The men's faces were covered but "it wasn't cold ... I thought it was very strange," said the man, who did not want to be named. "They went into the train station ... I tried to follow one of them but I couldn't because he was very fast."

Government suspicions have fallen heaviest on ETA, an armed Basque group that has killed more than 800 people in a four-decade campaign of bombings and assassinations to carve out an independent homeland in northern Spain.

"I have a moral conviction that it was them," Popular Party candidate Mariano Rajoy, picked by Aznar as his successor as prime minister, told the daily El Mundo.

Rajoy was 3-5 percentage points ahead of Socialist candidate Jose Luis Rodriguez Zapatero in opinion polls before they were stopped; the blasts came in the last week of campaigning.

Spain's spy chief, Jorge Dezcallar, quickly denied a radio report that said intelligence agents were "99 percent sure" that Islamic elements, not Basque separatists, were responsible.

Broadcaster Cadena Ser, which is close the opposition Socialist Party, cited sources at the national CNI intelligence agency as saying agents think a 10-15 member cell placed the bombs on the trains and may now have fled the country.

But Dezcallar, a government appointee, told the national news agency Efe that agents do not favor one line of investigation over another.

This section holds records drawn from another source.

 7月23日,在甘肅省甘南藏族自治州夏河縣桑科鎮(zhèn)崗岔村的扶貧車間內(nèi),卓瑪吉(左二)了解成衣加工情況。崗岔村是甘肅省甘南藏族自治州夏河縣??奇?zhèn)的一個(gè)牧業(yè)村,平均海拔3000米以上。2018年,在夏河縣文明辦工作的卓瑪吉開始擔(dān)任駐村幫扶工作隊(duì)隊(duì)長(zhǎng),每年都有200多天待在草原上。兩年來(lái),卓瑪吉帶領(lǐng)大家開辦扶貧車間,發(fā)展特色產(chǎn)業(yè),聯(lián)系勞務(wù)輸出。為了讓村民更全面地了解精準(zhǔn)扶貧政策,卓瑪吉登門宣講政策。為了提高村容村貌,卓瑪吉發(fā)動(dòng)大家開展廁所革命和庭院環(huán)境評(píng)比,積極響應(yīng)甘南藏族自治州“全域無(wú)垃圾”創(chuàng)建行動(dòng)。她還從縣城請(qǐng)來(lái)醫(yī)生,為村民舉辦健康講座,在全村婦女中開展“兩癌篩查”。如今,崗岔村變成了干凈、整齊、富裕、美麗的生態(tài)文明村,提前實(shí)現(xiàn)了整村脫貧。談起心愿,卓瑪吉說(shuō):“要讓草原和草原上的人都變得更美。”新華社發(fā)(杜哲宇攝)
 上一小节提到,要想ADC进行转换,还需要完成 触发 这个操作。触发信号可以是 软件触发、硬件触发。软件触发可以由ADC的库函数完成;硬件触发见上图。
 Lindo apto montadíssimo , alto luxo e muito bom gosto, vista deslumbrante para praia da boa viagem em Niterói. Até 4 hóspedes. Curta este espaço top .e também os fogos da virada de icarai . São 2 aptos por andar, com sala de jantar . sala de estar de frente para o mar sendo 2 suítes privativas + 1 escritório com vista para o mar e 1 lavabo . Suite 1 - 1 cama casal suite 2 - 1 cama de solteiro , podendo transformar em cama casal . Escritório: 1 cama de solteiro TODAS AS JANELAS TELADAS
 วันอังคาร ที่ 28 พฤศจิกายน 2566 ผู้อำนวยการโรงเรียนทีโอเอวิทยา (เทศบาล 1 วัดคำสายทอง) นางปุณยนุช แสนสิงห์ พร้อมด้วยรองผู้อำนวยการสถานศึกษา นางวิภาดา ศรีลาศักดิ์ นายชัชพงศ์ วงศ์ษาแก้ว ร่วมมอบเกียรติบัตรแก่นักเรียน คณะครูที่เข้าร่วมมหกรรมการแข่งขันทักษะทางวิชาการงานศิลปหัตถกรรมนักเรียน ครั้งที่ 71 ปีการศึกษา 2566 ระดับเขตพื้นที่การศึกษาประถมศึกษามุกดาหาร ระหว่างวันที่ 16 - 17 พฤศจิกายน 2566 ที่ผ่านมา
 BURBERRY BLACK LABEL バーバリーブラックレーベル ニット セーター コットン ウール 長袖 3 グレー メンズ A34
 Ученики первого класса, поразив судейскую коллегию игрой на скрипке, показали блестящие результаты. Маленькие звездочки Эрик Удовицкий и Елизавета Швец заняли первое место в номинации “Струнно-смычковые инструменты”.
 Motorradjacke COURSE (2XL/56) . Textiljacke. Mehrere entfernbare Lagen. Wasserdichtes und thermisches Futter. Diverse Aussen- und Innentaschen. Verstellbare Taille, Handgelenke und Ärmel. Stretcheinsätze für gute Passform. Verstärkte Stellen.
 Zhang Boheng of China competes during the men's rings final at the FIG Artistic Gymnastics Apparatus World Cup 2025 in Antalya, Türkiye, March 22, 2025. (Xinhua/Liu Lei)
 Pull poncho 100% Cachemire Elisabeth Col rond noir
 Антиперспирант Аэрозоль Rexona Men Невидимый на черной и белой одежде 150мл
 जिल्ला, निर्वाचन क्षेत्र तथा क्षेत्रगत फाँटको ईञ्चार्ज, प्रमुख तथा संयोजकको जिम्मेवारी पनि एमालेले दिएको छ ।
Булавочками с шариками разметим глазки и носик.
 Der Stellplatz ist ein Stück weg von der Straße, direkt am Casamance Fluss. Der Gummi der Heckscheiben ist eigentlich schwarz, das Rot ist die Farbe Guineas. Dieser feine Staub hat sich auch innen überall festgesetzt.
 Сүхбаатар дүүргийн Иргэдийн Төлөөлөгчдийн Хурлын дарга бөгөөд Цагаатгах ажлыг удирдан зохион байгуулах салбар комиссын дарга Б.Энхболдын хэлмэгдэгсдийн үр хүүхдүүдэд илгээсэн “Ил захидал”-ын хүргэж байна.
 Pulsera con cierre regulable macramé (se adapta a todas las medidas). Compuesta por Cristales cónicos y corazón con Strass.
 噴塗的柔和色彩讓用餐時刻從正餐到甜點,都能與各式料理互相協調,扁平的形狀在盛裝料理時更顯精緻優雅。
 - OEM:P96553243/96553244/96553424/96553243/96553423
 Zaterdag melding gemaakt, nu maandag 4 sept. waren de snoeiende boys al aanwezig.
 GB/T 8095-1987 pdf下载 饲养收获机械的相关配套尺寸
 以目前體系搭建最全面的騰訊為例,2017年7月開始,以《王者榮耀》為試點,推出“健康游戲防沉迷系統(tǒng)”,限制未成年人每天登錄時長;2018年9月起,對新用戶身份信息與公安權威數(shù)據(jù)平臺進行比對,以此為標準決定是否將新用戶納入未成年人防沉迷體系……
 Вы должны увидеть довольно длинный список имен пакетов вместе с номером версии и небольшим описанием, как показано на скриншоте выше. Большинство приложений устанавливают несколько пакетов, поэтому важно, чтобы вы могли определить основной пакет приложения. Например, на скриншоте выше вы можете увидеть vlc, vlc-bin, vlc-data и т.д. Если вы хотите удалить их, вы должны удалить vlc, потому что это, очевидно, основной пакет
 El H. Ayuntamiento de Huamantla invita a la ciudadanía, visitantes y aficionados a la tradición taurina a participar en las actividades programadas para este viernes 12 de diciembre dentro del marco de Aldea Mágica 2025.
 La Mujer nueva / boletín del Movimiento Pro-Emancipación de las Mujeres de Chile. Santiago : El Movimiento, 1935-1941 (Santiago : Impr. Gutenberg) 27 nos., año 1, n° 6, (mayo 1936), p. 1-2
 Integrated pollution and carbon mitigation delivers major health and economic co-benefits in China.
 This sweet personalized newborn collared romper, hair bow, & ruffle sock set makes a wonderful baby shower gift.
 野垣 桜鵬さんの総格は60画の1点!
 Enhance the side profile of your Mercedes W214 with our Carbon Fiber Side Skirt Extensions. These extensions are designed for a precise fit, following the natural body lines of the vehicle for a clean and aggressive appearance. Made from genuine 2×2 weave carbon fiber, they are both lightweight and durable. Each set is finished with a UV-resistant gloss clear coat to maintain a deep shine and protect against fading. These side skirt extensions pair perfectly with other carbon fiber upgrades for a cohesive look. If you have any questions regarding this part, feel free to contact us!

The finger of blame is politically loaded because of Aznar's support of the U.S.-led campaign that ousted Saddam Hussein. Any al-Qaida involvement in the Madrid bombings could play into the hands of Aznar critics who opposed sending 1,300 peacekeepers to Iraq.

"If it was al-Qaida, this was a reprisal for sending troops to Iraq, where we have no business being," said Damian Garcia, whose 86-year-old father died in the bombings.

But the refusal by Aznar and Rajoy, his former interior minister, to negotiate with ETA could be vindicated if the group is found responsible for the 10 bombs that tore through four rush-hour trains.

The death of a man in a hospital overnight pushed the toll up to 200 Saturday. Of the 1,511 injured, 266 remained hospitalized - with 17 in critical condition.

Since the Sept. 11 attacks in the United States, only the Bali bombing in Indonesia in October 2002 was deadlier, with 202 people dead.

While the attack's lethal coordination - 10 explosions within 15 minutes - pointed to al-Qaida, the lack of evidence of suicide bombers suggested otherwise.

The compressed dynamite used in the attacks, however, is favored by ETA. But ETA attacks have never been so deadly and mostly targeted police and politicians. On Friday, a caller claiming to represent ETA told a Basque newspaper it was not responsible - the first time ETA is known to have ever denied an attack.

Asked earlier Saturday whether police are investigating any possible collaboration between ETA and Islamic terrorists, the interior minister had said: "Of course, it cannot be ruled out that terrorist organizations, of whatever kind they are, have connections, reach accords and help each other."

CFPA: Maybe now the Europeans will finally wake up to the Moslem menace in their midst.